München – Dieses eine Beispiel ist Georg Thiel so wichtig, dass er es gleich mehrfach anführt, am Ende fast ein halbes Dutzend Mal. In den sozialen Medien sei schon in der Vergangenheit die Integrität der Briefwahl angezweifelt worden, erinnert der Bundeswahlleiter. Konkret hieße es dann, dass die Urnen zwischendurch geöffnet würden, um Unterlagen einzuwerfen – und bei Bedarf das Ergebnis zu beeinflussen. Weil dieser Angriff auf das Herz der Demokratie zielt, kann Thiel es nicht oft genug sagen: Urnen bleiben verschlossen, Manipulation wird verhindert, Wahlen sind sicher.

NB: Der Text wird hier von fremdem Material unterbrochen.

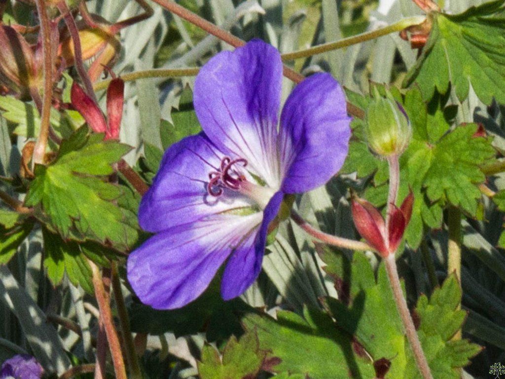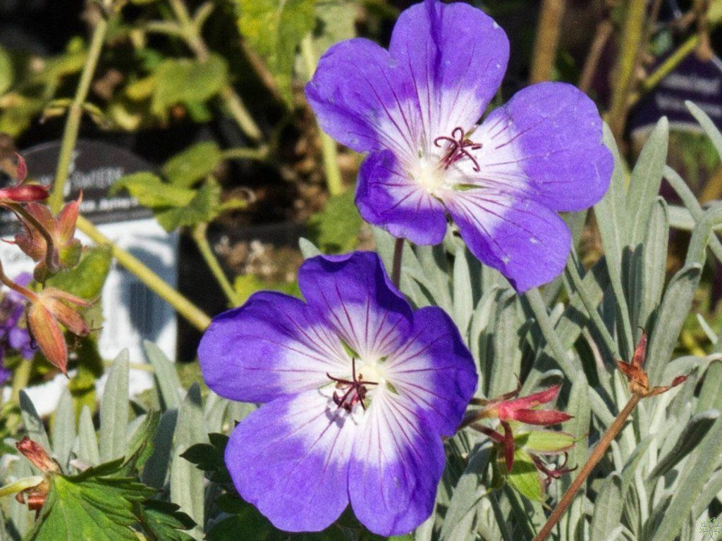Storchschnabel 'Bloom Me Away' - stammt aus Bergwiesen und Waldrändern des Himalaya, wo er in durchlässigen Böden mit ausreichend Feuchtigkeit während der Monsunzeit wächst. Die Sorte ‘Bloom Me Away’ ist der Handelsname für eine Selektion, die auch als ‘Libluma’ bezeichnet wird und seit 2020 durch das Pflanzenpatent PP32481 geschützt ist. Im Garten bildet sie eine horstige Staude mit tief gelappten, mittelgrünen Blättern, die auf der Unterseite fein behaart sind und im Herbst oft wärmere Farbtöne annehmen. Der Horst wird 35–45 cm hoch, an Stützen oder in dichterer Pflanzung können sich einige Triebe bis etwa 60–70 cm verlängern und leicht über den Beetrand hängen. Ab Juni trägt sie an verzweigten Stielen einzelne Blüten in Violett- bis Lavendeltönen, meist 4–5 cm breit, mit einem leicht helleren Auge und ausgeprägten Adern. Jede Blüte hält mehrere Tage und nach dem Verblühen folgen schnell weitere Knospen, sodass der Pflanzenbestand lange frisch aussieht. Die Blüte erfolgt in mehreren Wellen vom späten Frühjahr bis zum Sommer, und die Blüten bieten Nektar und Pollen für bestäubende Insekten. Die Pflanze eignet sich für Beetränder, in lockereren Staudenpflanzungen und in Gefäßen, wo sie Übergänge zwischen Gehölzen und Stauden mildert. Sie passt gut zu Ziergräsern, Salbei und Storchschnäbeln mit aromatischen Blättern, zum Beispiel zu Geranium × cantabrigiense.
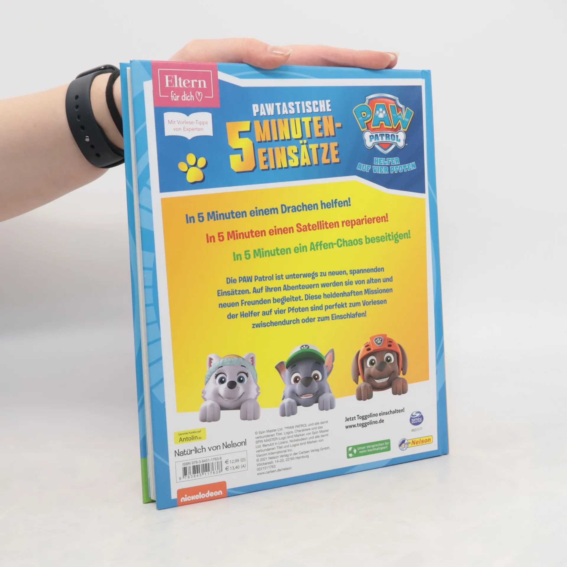 In 5 Minuten einem Drachen helfen! In 5 Minuten einen Satelliten reparieren! In 5 Minuten ein Affen-Chaos beseitigen! Die PAW Patrol ist unterwegs zu neuen, spannenden Einsätzen. Auf ihren Abenteuern werden sie von alten und neuen Freunden begleitet. Diese heldenhaften Missionen der Helfer auf vier Pfoten sind perfekt zum Vorlesen zwischendurch oder zum Einschlafen! Als ELTERN-Vorlesebuch ergänzt durch wertvolle, fundierte Vorlese-Tipps aus der Redaktion. Der Sammelband beinhaltet die Geschichten zu diesen TV-Folgen : Außer Kontrolle Der Satellitenabsturz Die Riesenpflanze Der neue Sportplatz Auf Safari Der verspielte Drache Affen-Alarm In diesem Buch werden 7 spannenden Einsätze der Helfer auf vier Pfoten auf 144 Seiten nacherzählt. PAW-Patrol-Fans ab 3 Jahren tauchen in die Rettungsmissionen ein und bekommen wichtige Werte wie Hilfsbereitschaft, Freundschaft und Mut vermittelt.
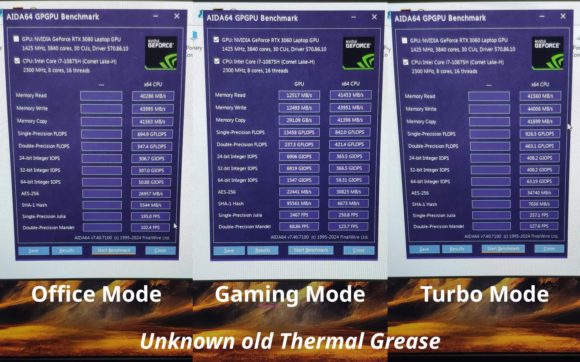 Видеокарта под управлением Linux ограничена по мощности в пределах 80 Вт, в среде Windows до 120 Вт можно увеличить, считается на всю карту включая VRM, потому результаты RTX 3060 не будут сравниваться, ведь даже с очень дешёвой пастой остается всё в районе погрешности так как упор в мощность.
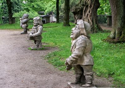 De beelden waren uit lokaal marmer van Untersberg gesneden en stellen mensen in verschillende beroepen en rollen voor, zoals een tuinman met een opvallend fysiek kenmerk en figuren die spelen. Deze verscheidenheid laat zien hoe het barokke hof figuren verzamelde die de diversiteit van het menselijk leven weerspiegelden.
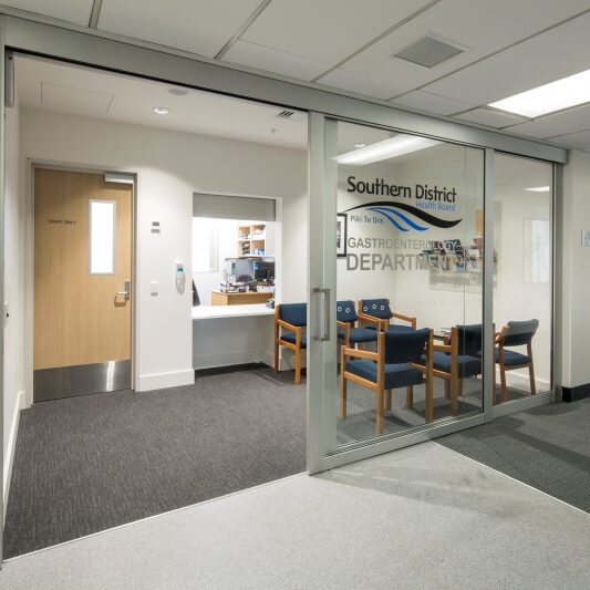 This project to replace cramped, outdated facilities at Dunedin Hospital started with the construction of a new gastroenterology department on level 8. The facility includes reception and administration areas, two endoscopy suites with x-ray protection capabilities, a nursing base, 10-bed recovery area, utilities and office spaces.

Heute in vier Monaten wird ein neuer Bundestag gewählt. Seit letztem Jahr bereiten sich die Behörden konkret auf diesen Tag vor, aber dass massive Störmanöver auf sie zukommen werden, wissen sie noch länger. „Wir haben es mit einer sehr komplexen Bedrohungslage zu tun“, sagt Arne Schönbohm, Präsident des Bundesamtes für Sicherheit in der Informationstechnik (BSI). Der Blick über die Grenzen und auf die vielfältigen Versuche der Beeinflussung war ein Vorgeschmack auf den Herbst 2021.

Manche sind auf den ersten Blick eher plump gewesen wie der Vorwurf der Wahlmanipulation durch Donald Trump, ohne je einen Beleg zu liefern. Andere kamen unvermittelt wie die geleakten Dokumente über Emmanuel Macron kurz vor der französischen Präsidentenwahl 2017. Schönbohm geht davon aus, dass Ähnliches „auch in Deutschland als wirtschaftlich potenteste Macht in Europa attraktiv ist“.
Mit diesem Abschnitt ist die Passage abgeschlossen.